Он пятится, бьется о стену и беспомощно сползает по ней на пол. Он старается принять положение, которое очень любил в детстве: колени прижаты к груди так плотно, что можно положить на них подбородок. Опыт подсказывает ему, что в такой позе он может находиться часами. Харди сидит неподвижно посреди развалин своего расследования, пока его пульс не возвращается к своему нормальному на сегодняшний день ритму. Ко времени, когда он поднимается, — с легким головокружением и хрустом в суставах, — на улице уже темно.
49
Том Миллер находится в спальне один и не может остановиться ни на одном занятии. Он уже поменял книгу на журнал, журнал — на игровую приставку «Нинтендо», но даже это не может удержать его внимание в фокусе. Сейчас середина второй половины дня, то самое дурацкое время, когда уже слишком поздно, чтобы вклиниться в чьи-то планы на сегодня, и слишком поздно, чтобы договариваться о встрече после вечернего чая.
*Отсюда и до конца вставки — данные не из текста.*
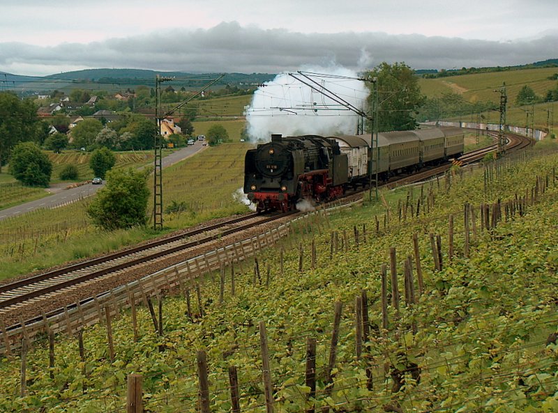 Nachschuss auf den DPE 88001 von Koblenz Hbf nach Frankfurt (Main) Süd, bei Erbach (Rheingau), gezogen von der HE 01 118 (Historische Eisenbahn Frankfurt e.V.); 11.05.2009 Frank Thomas
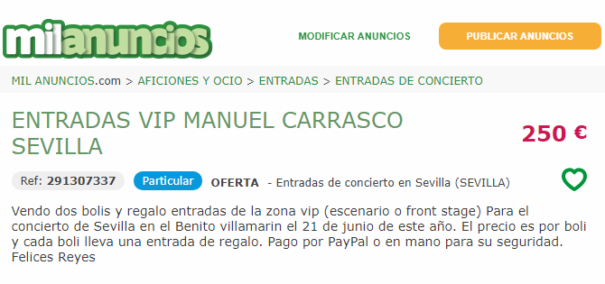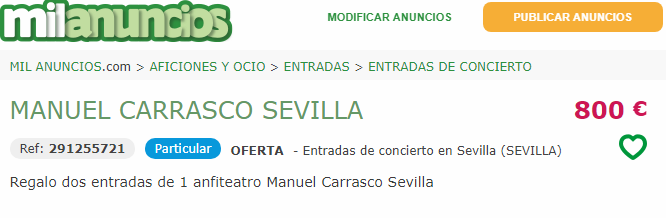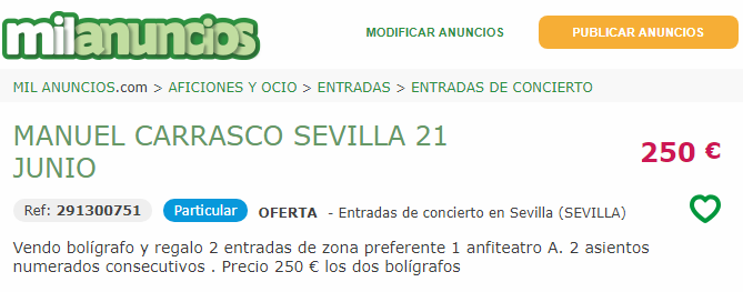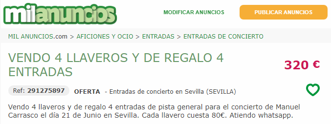 Para intentar esquivar la ley muchos de los anuncios incluso comentan que venden llaveros o bolígrafos y junto con ellos entradas «de regalo». Los precios se elevan hasta los 400€ en el caso de entradas en el primer anfiteatro y llegan hasta los 80€ de pista general (más de dos veces su valor general).
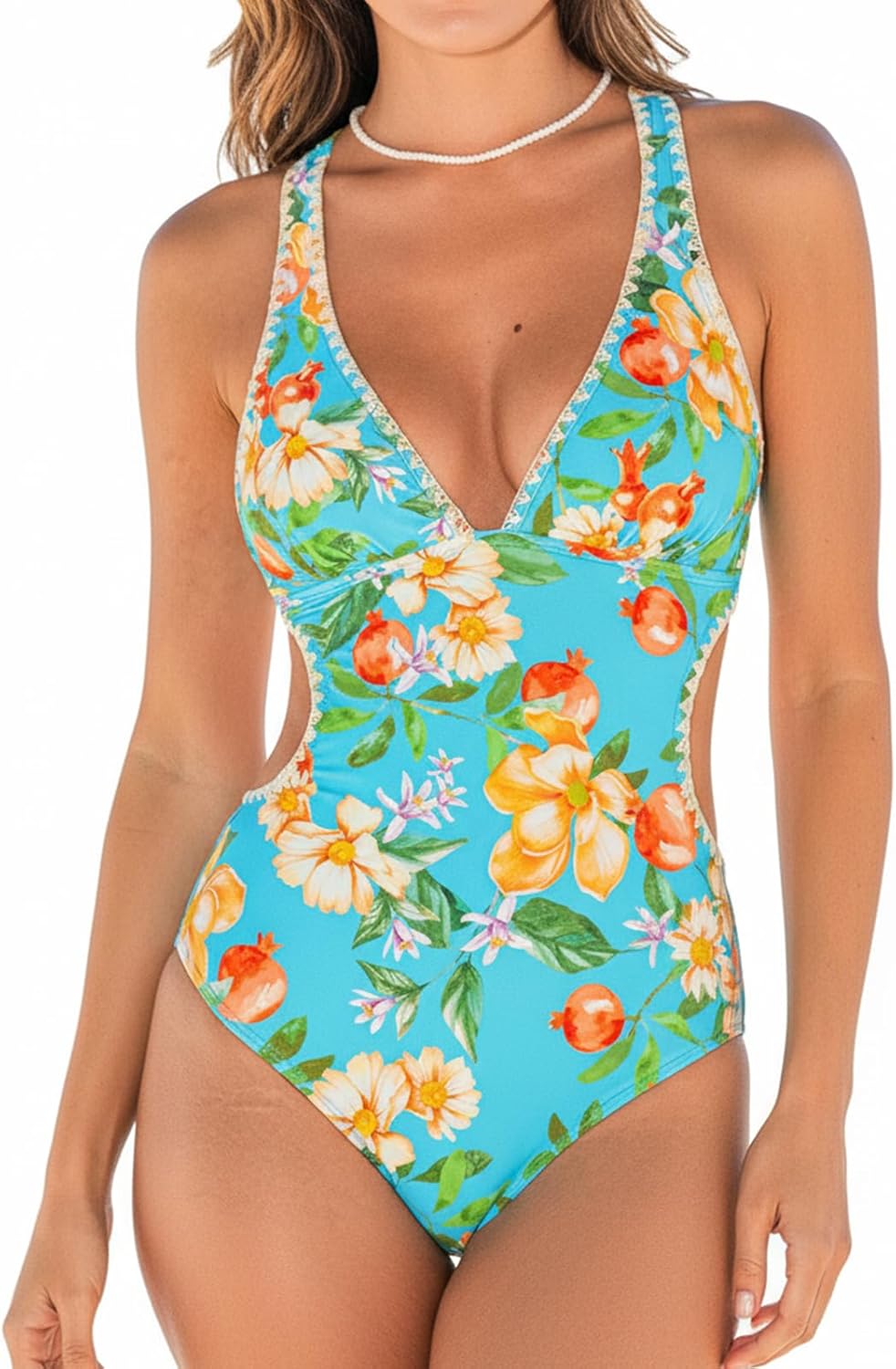 CUPSHE Women's One Piece Swimsuit Deep V Neck Bathing Suit Cutout Crisscross Back Adjustable Straps Self Tie Stitching
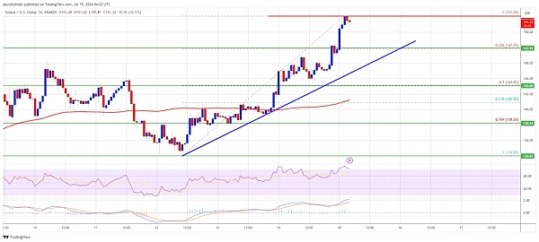 Solana 当下的交易价格高于 145 美元以及 100 小时简单移动平均线。在 SOL/USD 对的小时图上,还构建出了一条连接的看涨趋势线,支撑位是 147 美元。
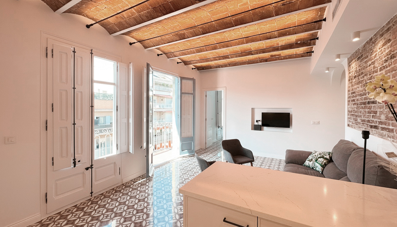 Uno de los elementos más destacados fue la recuperación del pavimento hidráulico original, que aporta carácter y autenticidad al espacio, combinándose con nuevos acabados que suman frescura y modernidad. También se restauraron balconeras y forjados, con el objetivo de preservar la esencia del edificio y su valor arquitectónico, aportando continuidad entre lo existente y lo renovado.
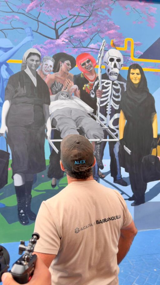 Concepto: el mural se inspira en uno de los episodios más emblemáticos y simbólicos del Carnaval de Barranquilla: el entierro de Joselito Carnaval, rito que representa el cierre de cuatro días de euforia, exceso y libertad popular. En esta obra, el artista aborda el momento donde la fiesta toca la muerte, y la muerte, a su vez, se transforma en un gesto de celebración colectiva.
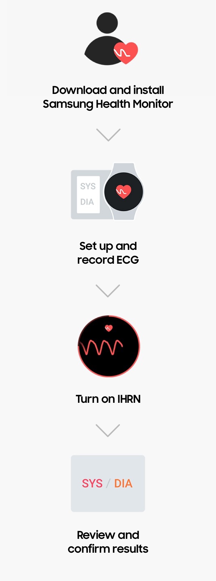 An electrocardiogram (ECG) is a test that measures your heart's electrical activity to create a recording of your heart rate and rhythm. The Irregular Heart Rhythm Notification (IHRN) feature periodically measures your heart rate and notifies you to take an ECG if it detects an irregular rhythm suggestive of atrial fibrillation.

Впрочем, сейчас допоздна все равно никого из дому не отпускают.
Раздающиеся снизу звуки — работающий детский канал по телевизору и шум загружаемой посудомоечной машины — говорят ему, что Фред и Джо дома. Со смиренным выражением на лице он проверяет, стоит ли на парковке перед домом мамина машина. Ее нет, однако он видит там нечто, отчего мгновенно возвращается к жизни. Он несется по ступенькам лестницы быстрее, чем скейтборд по рампе, и через считаные секунды выскакивает на улицу. Джо, который вытирает детский стул для кормления в кухне, не замечает его ухода. Только Фред видит, как он уходит.